Codependent Nation

One of the main thrusts of my webzine work is to elucidate the contrast between the World and the Kingdom. There couldn't have been more stark a contrast than in reading my devotional this morning and what I saw in the Los Angeles Times, the newspaper I peruse to, as Mick Jagger sang in that classic Stones anthem, to "get my fair share of abuse."

I've started a long devotional series with Isaiah, and in the very first chapter, right there in verse four, God doesn't pull any punches. He specifically cites what is going on with people -- four definitive references in one verse, and you can't miss them. He says we are sinful (missing the mark), weighed down with iniquity (bent or twisted), the offspring of evildoers (harmful, injurious), and acting corruptly (causing to putrefy). These are specifically defined terms that accurately characterize the human being -- no matter who he or she is.

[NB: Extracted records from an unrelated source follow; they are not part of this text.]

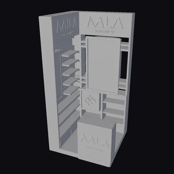 Crafted with meticulous attention to detail, this cosmetic display booth boasts a contemporary design with a black finish and crisp white lettering. The structure features multiple shelves and compartments to neatly organize an assortment of beauty products, including makeup and skincare items. A central display case showcases a vibrant pink and gray pattern, drawing the eye to the featured products. The booth’s clean lines and minimalist aesthetic make it perfect for high-end retail environments. Ideal for use in games, print materials, VR/AR experiences, animation projects, and design visualizations.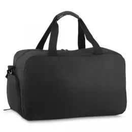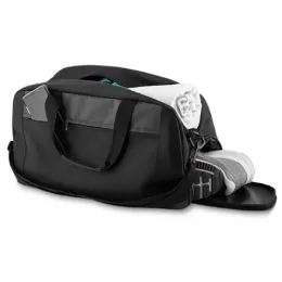 Mala esportiva em polyester, compartimento interno isolado para materiais molhados com abertura lateral, alça de ombro, alça de mão dupla, bolso externo com ziper.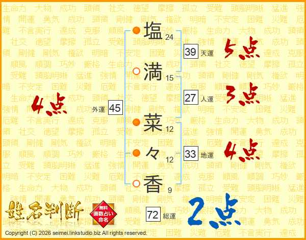 塩(24画)満(15画) 菜(12画)々(12画)香(9画)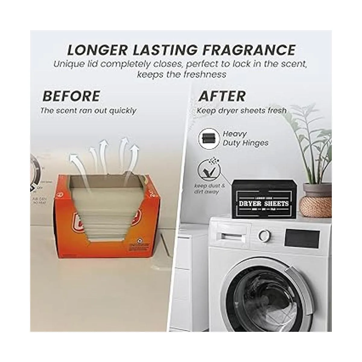 Tamaño científico: esta caja de sábanas para secadora puede contener hasta 180 hojas de secadora, se adapta a casi una caja grande de hojas de tela y hace que sea fácil acceso, no te quedes sin pronto. Mantiene las sábanas limpias y elegantes, combina con todas tus otras decoraciones y se ve genial, sorprende a la esposa/marido con una remodelación de lavandería.

Later, from my devotional booklet, I read a verse that was coincidentally enough, from Isaiah, chapter  forty. Here is part of that.

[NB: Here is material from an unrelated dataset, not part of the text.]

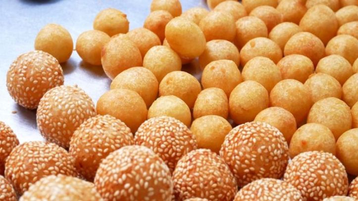 Bánh Cam toplarını beyaz susam tohumlarında yuvarlayın ve her bir topun tamamen susamlarla kaplanmasını sağlayın.

"Do you not know? Have you not heard?... [God] brings princes to naught and reduces the rulers of this world to nothing... The Lord is the everlasting God, the Creator of the ends of the earth. He will not grow tired or weary, and his understanding no one can fathom."

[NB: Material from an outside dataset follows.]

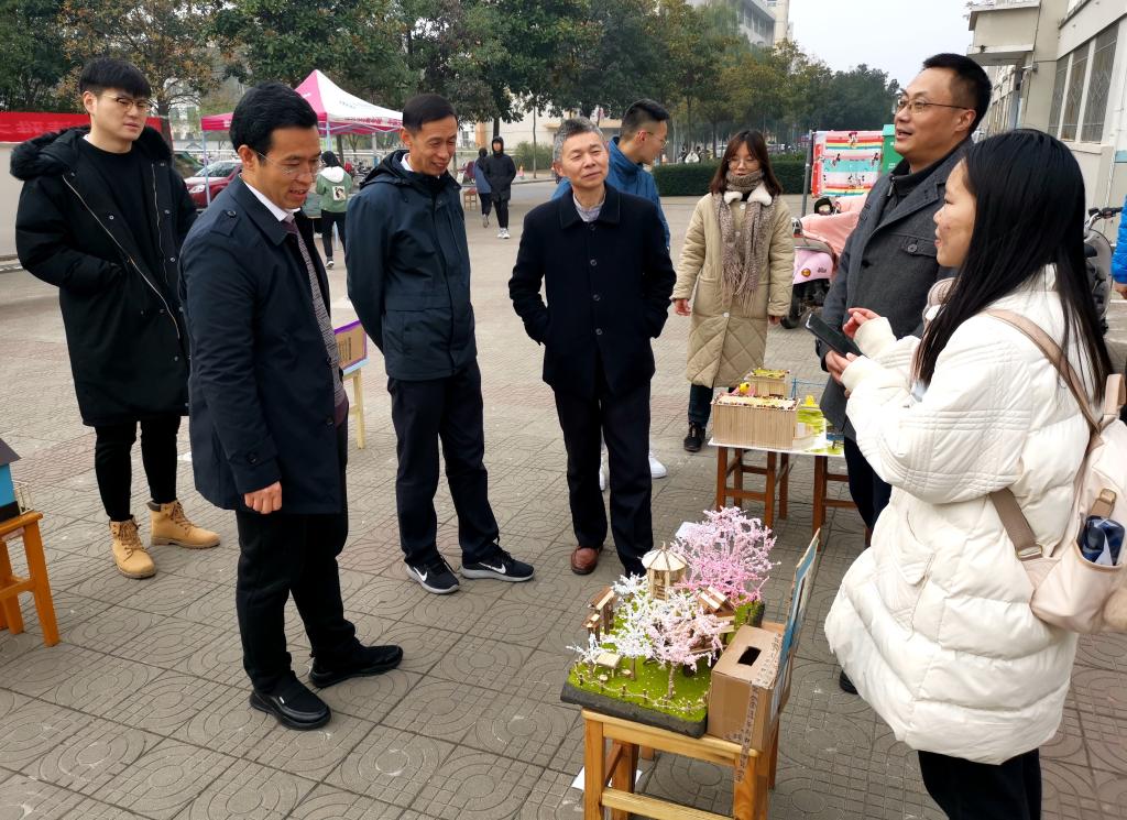 为了深入贯彻落实我校大学生社团文化艺术节活动有关要求,进一步丰富同学们的课余文化生活,提升广大同学对建筑类专业知识的兴趣与认知,建筑爱好者协会联合信阳学院建筑艺术学社,组织开展了第十四届建筑模型设计制作大赛,经过为期近一个月的紧张筹备及作品制作,共有来自两校十余个学院的120组作品通过筛选,入围了本次比赛。11月30日-12月6日,本次大赛初赛暨作品展演活动在我校思齐路、八餐小广场、综合实验楼等地顺利举行。信阳师范学院学生工作部部长岳宗德、金年会jinnianhuicom党委书记黄学玉、校团委副书记朱国朋、金年会jinnianhuicom党委副书记方明科、校团委社团工作部部长任玺等领导老师莅临现场并做出具体指导。

Very sobering. Might want to get right on over to the Kingdom, with all that. Humbly, graciously, gently, peacefully... head right over to the Gate, with all deliberate speed, really. There's you, described quite nicely there in the first chapter, and there's God, right there as He is, where He is, what He is...

The Kingdom.

Then there's the World.

That's where the Los Angeles Times and its handlers choose to stay. The Times only does what its handlers tell them to do, much of it directly from the New York Times. But that Times only does what its handlers tell them to do. Who are they? They're the same ones who tell federal government people what to do, who tell the major power players in capital movement and industry what to do. Sure there is a culture war going on, but Donald Trump and the Republicans simply will not do the things their voters thought they were going to do.

The Los Angeles Times this morning was filled to the brim with the most crushing disinformation, some of it exemplified in this story splashed across the front page. The message is truly, "All Latino K-12 students should be distraught that Trump won, so it is the job of good wholesome teachers to tell them they've got their back."

The numbers there in that story: the 880 is for the number of Latino students attending a particular elementary school, it is a high proportion of all students there; the 94 is the number of languages spoken other than English in the district; the 74% is the percentage of Latino students in the district. The clear implication with the numbers is not to say, "Here are the numbers of Latinos who feel this way and the numbers who feel that way." It is instead to say "All Latinos are afraid of Donald Trump and if they aren't they should be."

It is a horrifically disrespectful attitude to have towards people. Here are people who say, rightly so, "Don't stereotype" and here they are doing it with the most putrid impunity. Ironically the sign across the top of the classroom pictured is "Attitude is a little thing that makes a big difference." The attitude the System wants these impressionable children to have is nothing other than "These brash strident adults will take care of me. I must trust them."

That's the idea these children are firmly planting their souls, and it will ultimately destroy them.

It is merely a reflection of what could easily be called the Codependent Nation.

Codependency is simple. It is taking responsibility for someone else's rotten behavior. If someone does a crappy thing, you assume their responsibility for what they did because you feel you will earn their favor by doing so. It comes from tremendous dysfunction about the way people interact with one another in healthy ways.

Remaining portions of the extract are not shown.